• ASSIGNMENT:
Print nothing but the lines from the start of the listing below through the line that contains "2. 在Configure Pfogram中打开Input/Output". Do not include the pictures.
-*-
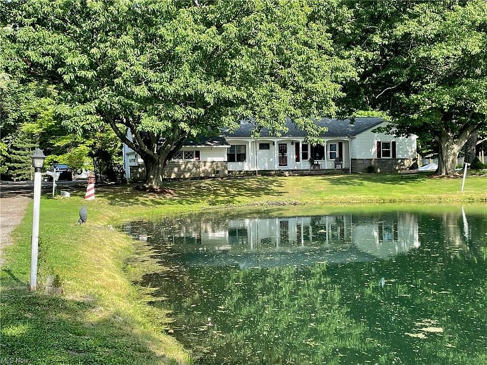 Charming 2300 sf ranch home situated on a park like 1.5 acre property with its own stocked Lake. Fantastic Great Rm addition in 2007 features vaulted ceiling's, a gas fireplace & loads of storage closets opens to a large breezeway that leads to the garage. Nice updated kitchen with granite countertops, ceramic tile backsplash and SS appliances. Large living room with Wood burning fireplace opens to the dining room both of which have oak hardwood floors that flow throughout. Three bedrooms including a nice sized master bedroom with its own private bath. Lower level has a huge recreation room with a bar and newer LVT floors, wood paneled walls and wood burning. Large storage room plus a workshop. Oversized 2 car garage, beautiful backyard with 20X10 shed and nature lovers wooded serene setting! This home is centrally located in the heart of Orange Village right across from the park! Truly a fantastic solid homewith loads of potential on an amazing Lot! Make an offer today Bc this will not last long!
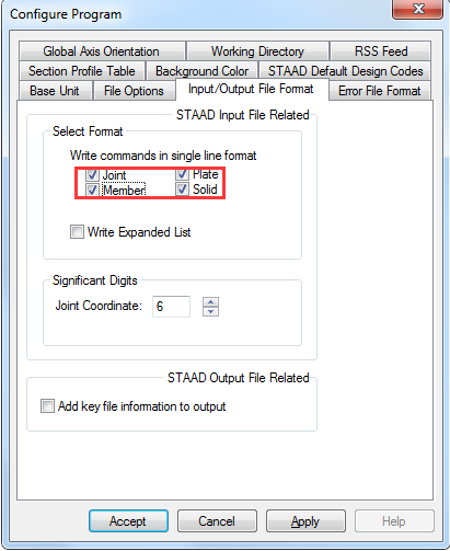 2. 在Configure Pfogram中打开Input/Output File Format分项页,在Select Format框中勾选Joint,Plate,Member,Solid,然后单击Accept;
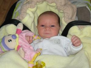 V Dubnu jsme zjistili,že na těhotenstkým testíku máme dvě čárečky jelikož se ms.nedostavila a pani doktorka nám to potvrdila takže jsme byli moc šťastný.Všechny testíky co se týče srdíčka,cukrovky,výv.vad máme vše v pořádku teď jsme v osmém měsíci a moc moc se těšíme.Tak 11.1 2010 se narodila Adélka termín jsme měli 16.1 ale chtělo se nám ven dřív.Můj porod: Začalo to tím,že jsem ležela na rizikovým těhotenství v nemocnici kvůli tlaku a jaterním testům.Jednou při vizitě se doktor rozhodl,že mi porod vyvolá,jenže těsně před plánovaným vyvoláváním porodu se Adélka rozhodla přijít na svět sama.Takže 10.2 2010 v 16.30h na mě přišli kontrakce po 20min. a pak se to stupňovalo po 10min.po 5.po 2min.To jsem se ozvala sestřičce že mám kontrakce a tak jsem šla na vyšetření na vyšetřovnu a pan doktor byl ještě nepříjemnej a říkal mi že nemůžu mít kontrakce,že bych tu jen tak nestála,ale já mu řekla,že je prostě mám tak se neochotně na mě podíval a zjistil,že mám pravdu že jsem na 2cm otevřená a že do druhého dne do rána porodím.Tak jsem si šla zabalit své věci na pokoj a přešla jsem na porodní sál.Tam probíhali veškéré přípravy jako je klistýr,holení atd.Pak mě uložili na porod.box a ve 01:00h přijel manžel byla jsem hrozně ráda,že může semnou být u porodu opravdu to moc pomohlo.Pomáhal mi při kontrakcích.Pak mi v 02.00h píchli plodovou vodu to nebolelo...No a čekalo se až se otevřu víc a kontrakce zesílí ještě víc.Pak k ránu mi napíchli kapačku na zmírnění bolestí,ale vůbec nic mi to nezmírnilo.Akorát,že jsem po kapačce byla mimo byla to nějaká oblbovačka.Pak si pamatuji jak mi porod.asistentka říkala ať při kontrakcích se uvolním aby sestoupila hlavička níž no snažila jsem se,ale moc to nešlo,ale nakonec se podařilo.Pak příšla doktorka se podívat která měla akorát jít na vizitu na rizikovku jenže se na mě podívala a jen jsem slyšela jak říká musíme jí už odrodit už jsem toho měla dost začalo to od 16.30 a Adélka se narodila ráno v 08:22h.už jsem říkala ať mě odrodí císařem.Nakonec to šlo jak po másle šup na postel tlačit tlačit tlačit a Adélka byla na světě.Ani jsem nevěděla,že mě nastřihli.Jen to šití bolelo.Snad nejvíc z celého porodu.Pak jsem se podívala na manžela koukal na naší holčičku a také si jí podepsal na nožičku.Na co nikdy nezapomenu tak je to jak na mě koukal se slzami v očích byl šťastný,že máme tak krásnou dcerušku,že je vše za námi a že jsme všichni v pořádku.Bylo to fakt krásný.Pak por.asist.nabídla manželovi kávu a nechali nás na boxu samotný tak jsme hned každého obvolávali a dívali se na naší holčičku Adélku.Na porod vzpomínám moc ráda je to krásný zážitek.Bolest se dá překousnout pak už jen to nejhezčí.Dnes je Adélce měsíc a jeden den a krásně přibírá na váze už si dokáže vzít chrastítko do ručičky,krásně zvedá hlavičku.Je moc šikovná a jsme moc šťastný,že jí máme.Konečně jsme 3...
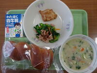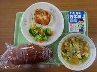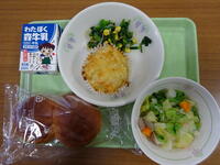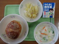 「焼きカレーパン、牛乳、ジャーマンポテト、キャベツの豆乳スープ」
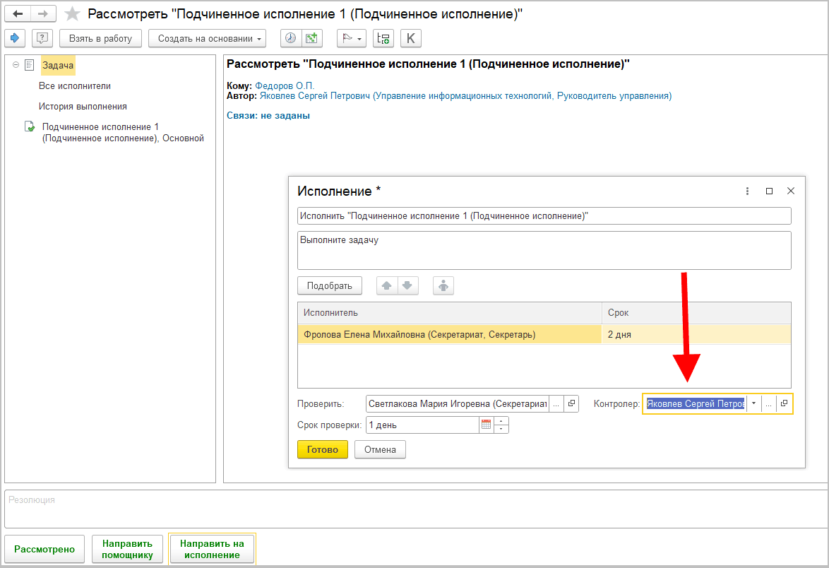Для этого достаточно указать контролера в карточке подчиненного исполнения.
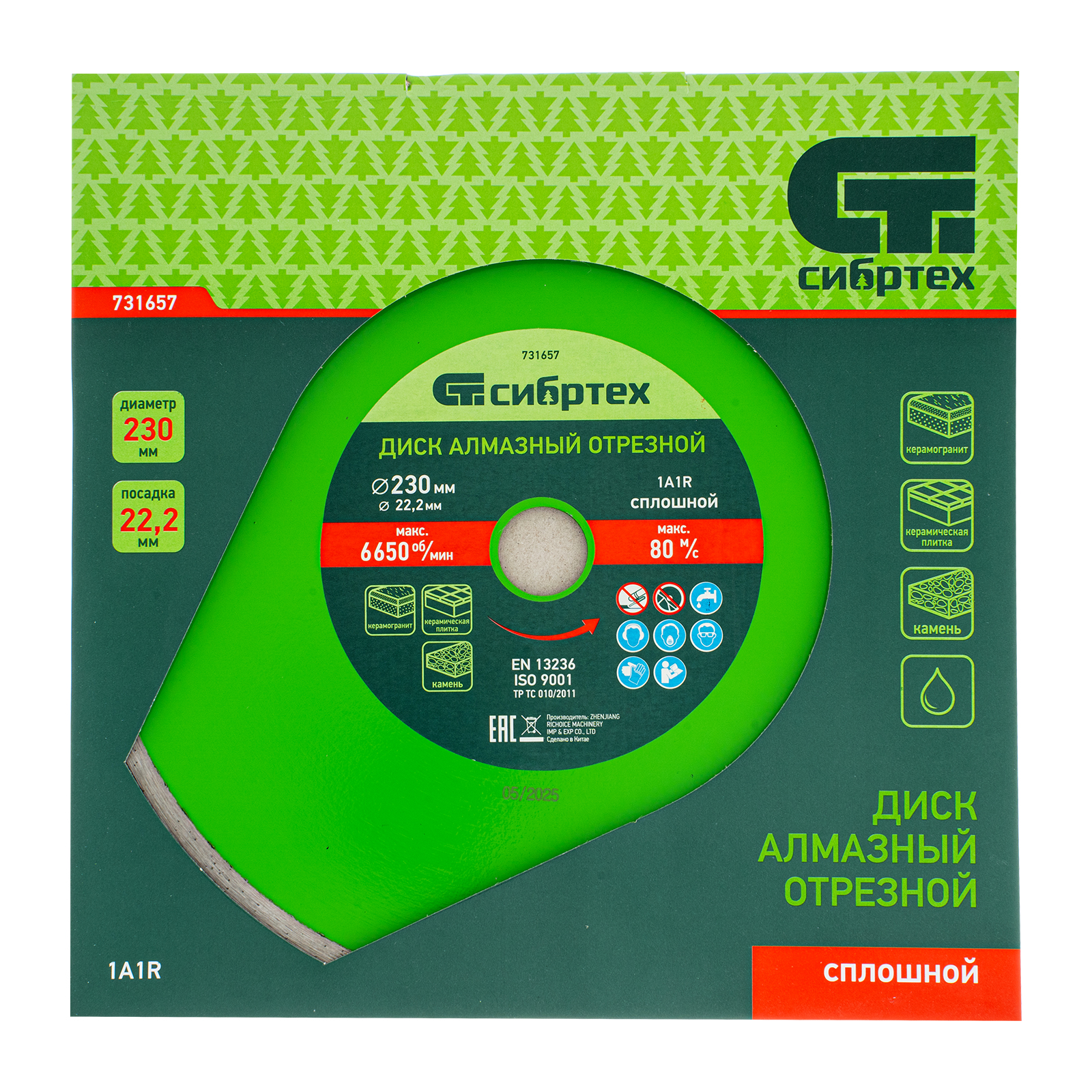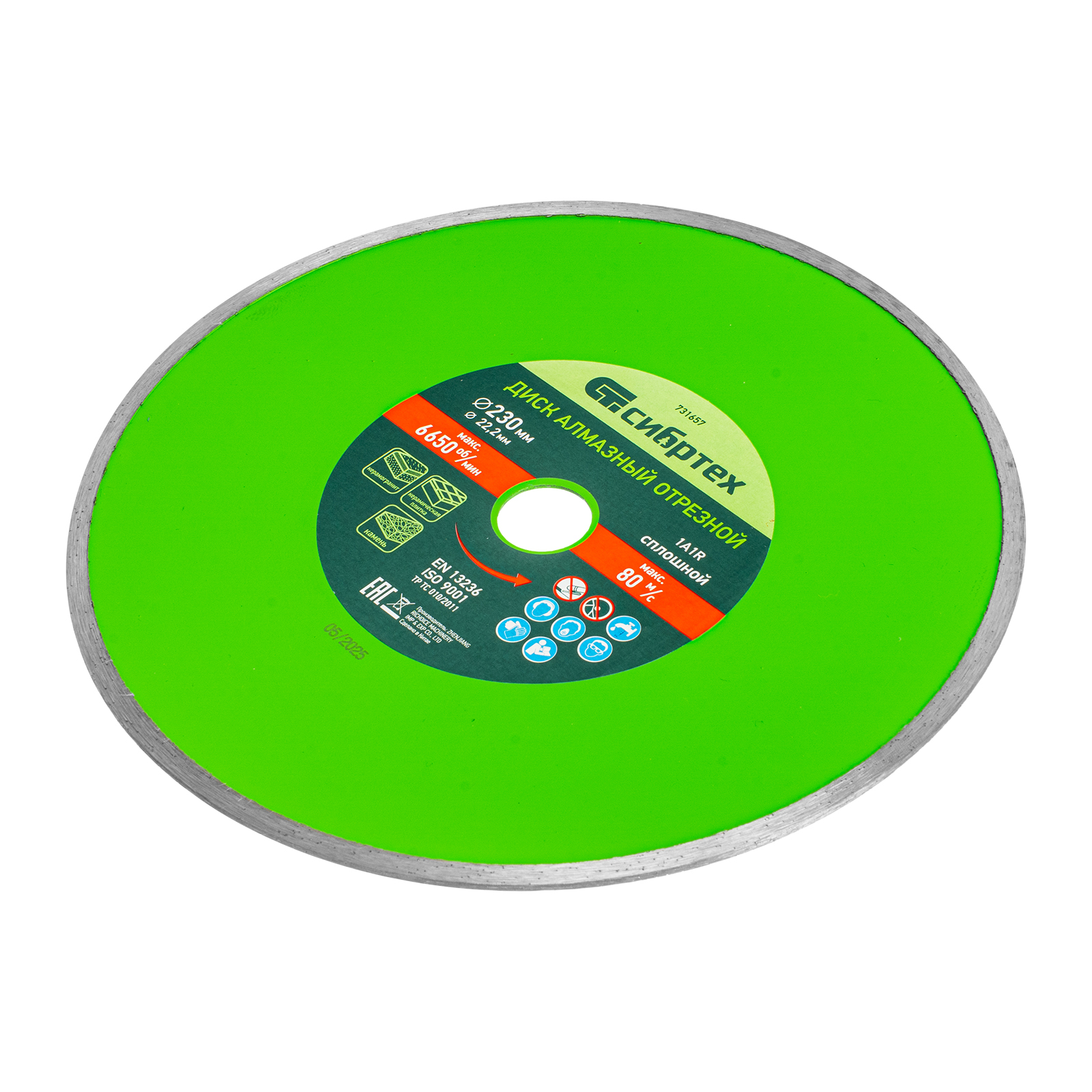 Алмазный отрезной сплошной диск Сибртех 731657 диаметром 230 х 22,2 мм применяется для мокрой резки керамогранитной, керамической плитки, а также мрамора и камня. Используется в качестве оснастки для болгарок и плиткорезов с посадочным диаметром 22,2 мм. Диск обладает хорошим рабочим ресурсом и рассчитан на долгую службу. Рез материалов необходимо проводить с использованием водяного охлаждения.
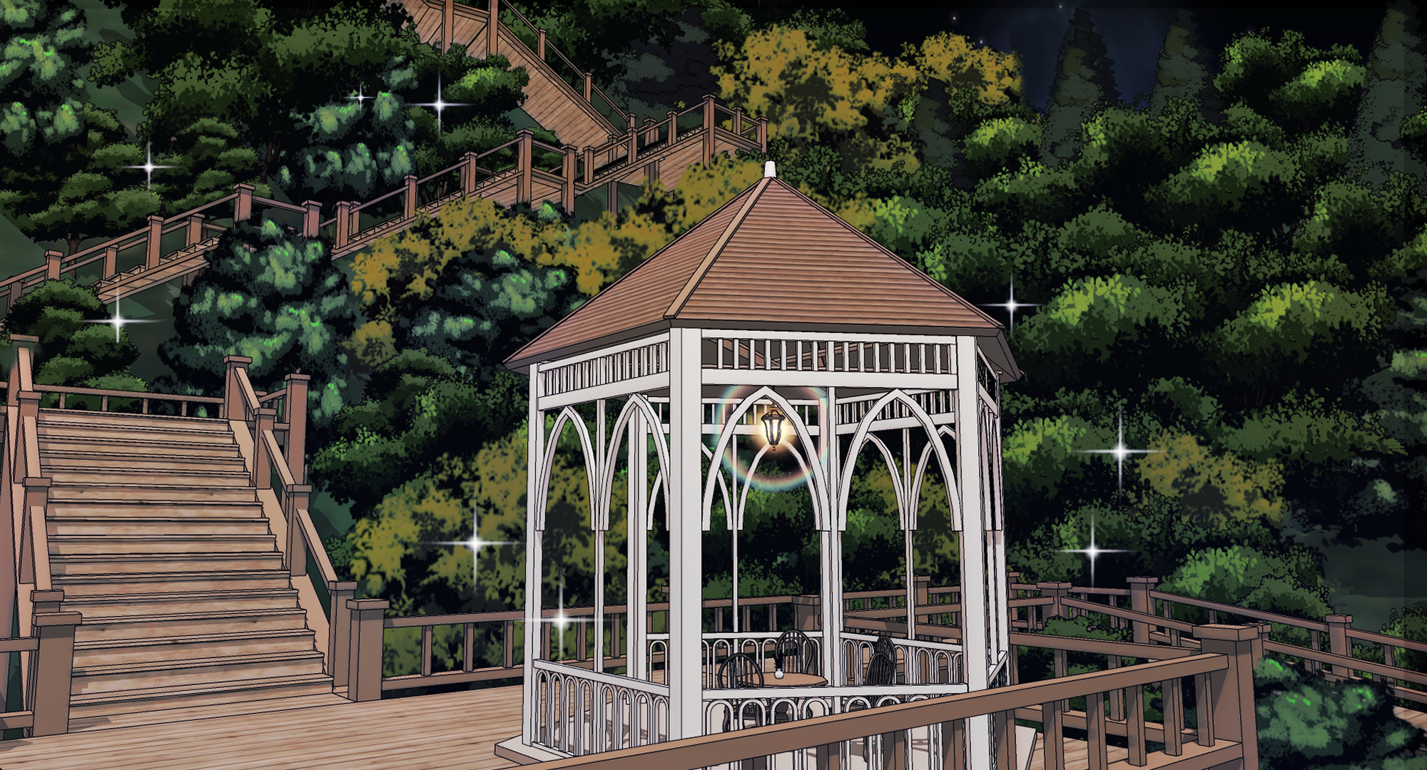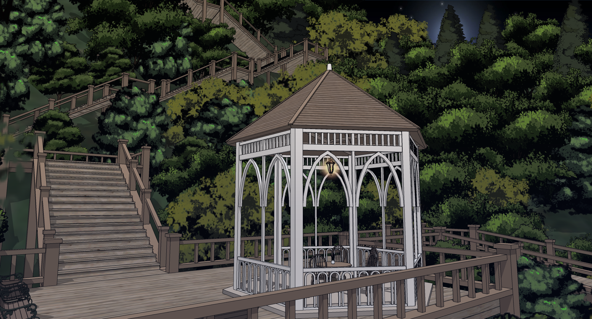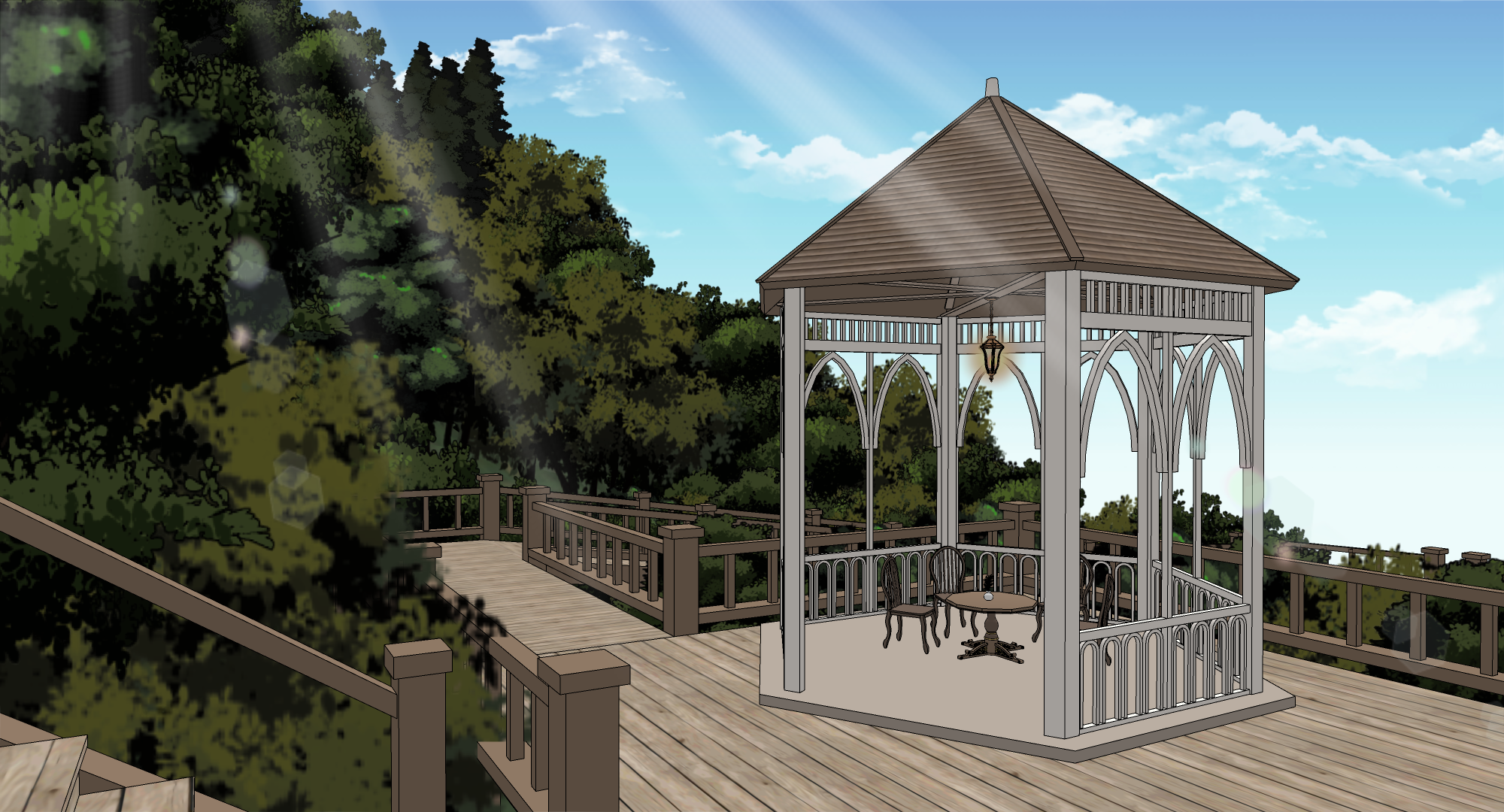 산을 배경으로 한 휴식처로, 티타임을 가지는 모습이나
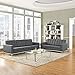 Modway Loft Upholstered Fabric Mid-Century Modern Sofa and Loveseat Set in Gray
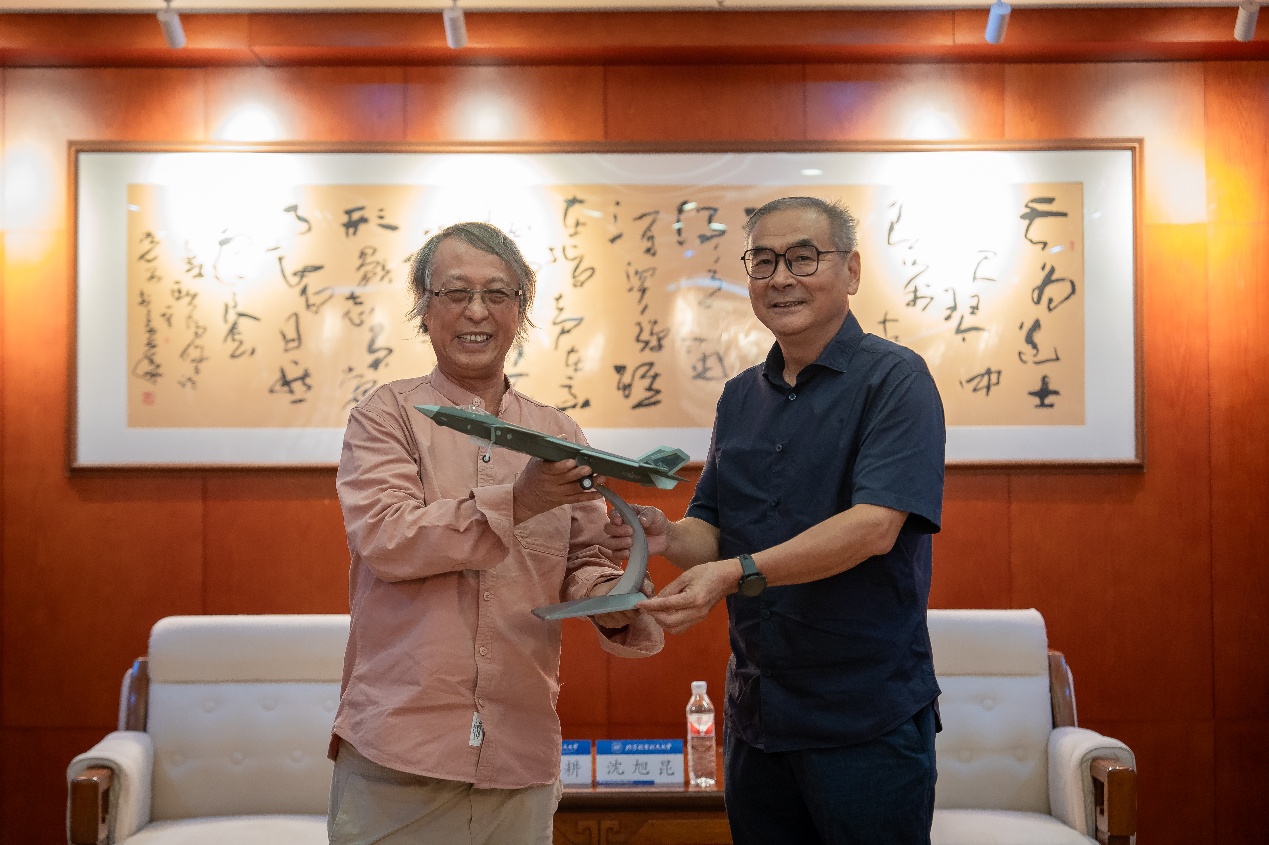 讲座开始前,美育中心主任兼新媒体艺术与设计学院院长沈旭昆等与朱乐耕亲切交流并互赠纪念品。
-*-
• TASK OUTPUT:
 Charming 2300 sf ranch home situated on a park like 1.5 acre property with its own stocked Lake. Fantastic Great Rm addition in 2007 features vaulted ceiling's, a gas fireplace & loads of storage closets opens to a large breezeway that leads to the garage. Nice updated kitchen with granite countertops, ceramic tile backsplash and SS appliances. Large living room with Wood burning fireplace opens to the dining room both of which have oak hardwood floors that flow throughout. Three bedrooms including a nice sized master bedroom with its own private bath. Lower level has a huge recreation room with a bar and newer LVT floors, wood paneled walls and wood burning. Large storage room plus a workshop. Oversized 2 car garage, beautiful backyard with 20X10 shed and nature lovers wooded serene setting! This home is centrally located in the heart of Orange Village right across from the park! Truly a fantastic solid homewith loads of potential on an amazing Lot! Make an offer today Bc this will not last long!
 2. 在Configure Pfogram中打开Input/Output File Format分项页,在Select Format框中勾选Joint,Plate,Member,Solid,然后单击Accept;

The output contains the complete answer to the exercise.